С этими невеселыми мыслями я переступила порог спальни и направилась по просторному, высокому коридору. Каменные стены, гладкие от времени и бесчисленных прикосновений, были освещены не огнем, а магическими шарами, вмурованными в старинные бронзовые бра с изображением вороньих голов. Они излучали мягкий, холодноватый голубоватый свет, отбрасывая причудливые тени от резных карнизов на потолке и тяжелых гобеленов на стенах, изображавших сцены сомнительных побед предков – то ли в битвах, то ли в темных ритуалах. Воздух здесь всегда пахнул пылью веков, едва уловимым, вездесущим холодком древней магии, пропитавшей камни – запах, напоминавший мне о том, что эти стены помнят куда больше, чем я могу представить.
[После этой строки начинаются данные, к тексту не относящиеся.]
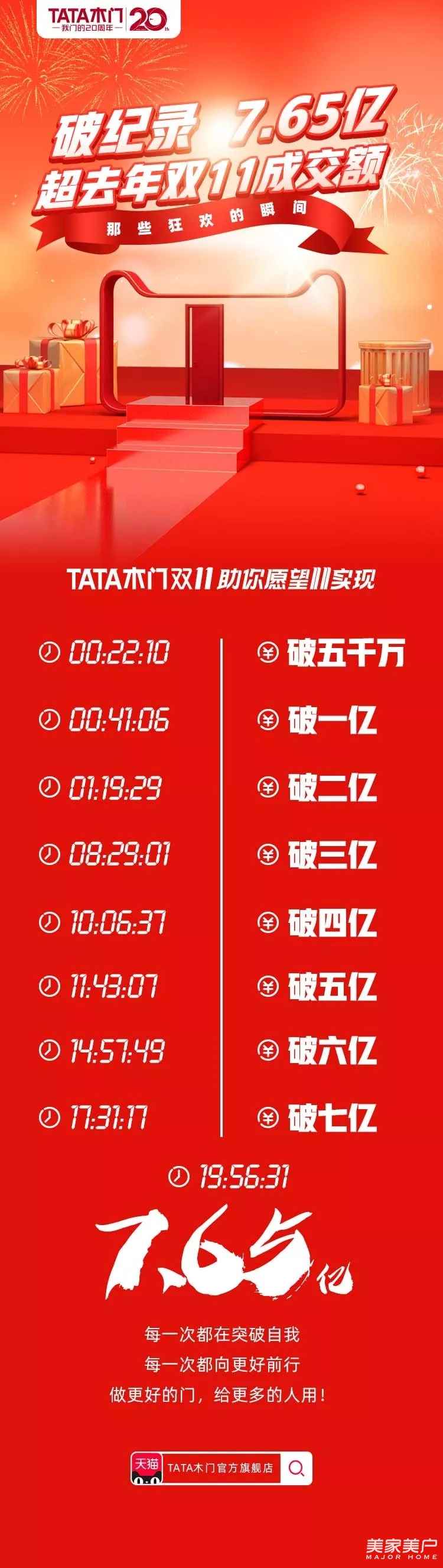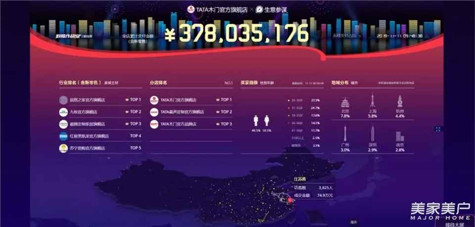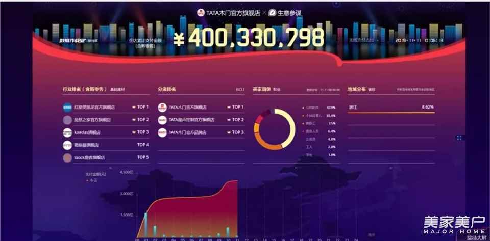 只是誰也沒料到,TATA木門的破億速度竟來得如此快。凌晨【41分06秒】,TATA木門【破1億】銷售額;【1小時(shí)19分29秒】,【破2億】;【19時(shí)56分】,超過2018年全天【7.65億】的銷量,并最終以【8.42億】元的銷售額打破歷史紀(jì)錄,TATA木門攜手居然之家,索菲亞包攬全屋定制冠亞季軍,并且成為TATA木門128個(gè)“億元”品牌之一。

Мои туфли тихо постукивали по полированному каменному полу, отзвуки шагов терялись в гулкой пустоте коридора, словно поглощаемые самим замком. Я миновала несколько глухих дубовых дверей, украшенных железными скобами в виде змеиных голов, ведущих в другие покои – те, что уже много лет стояли запертыми, с засохшими чернилами на пергаментах внутри. Подойдя к началу главной лестницы – широкой, круто спускающейся вниз, с массивными резными перилами из черного дерева, покрытыми тонкой паутиной трещин – я на мгновение задержалась, чувствуя, как сапфиры на шее холодно прижимаются к коже. Спуск требовал внимания: платье стесняло движения, а каблуки могли зацепиться за вытертую ковровую дорожку с выцветшим гербом Артарашей, покрывавшую ступени. Каждый шаг отзывался легким звоном в висках – то ли от напряжения, то ли от того, что древние камни будто шептались под ногами.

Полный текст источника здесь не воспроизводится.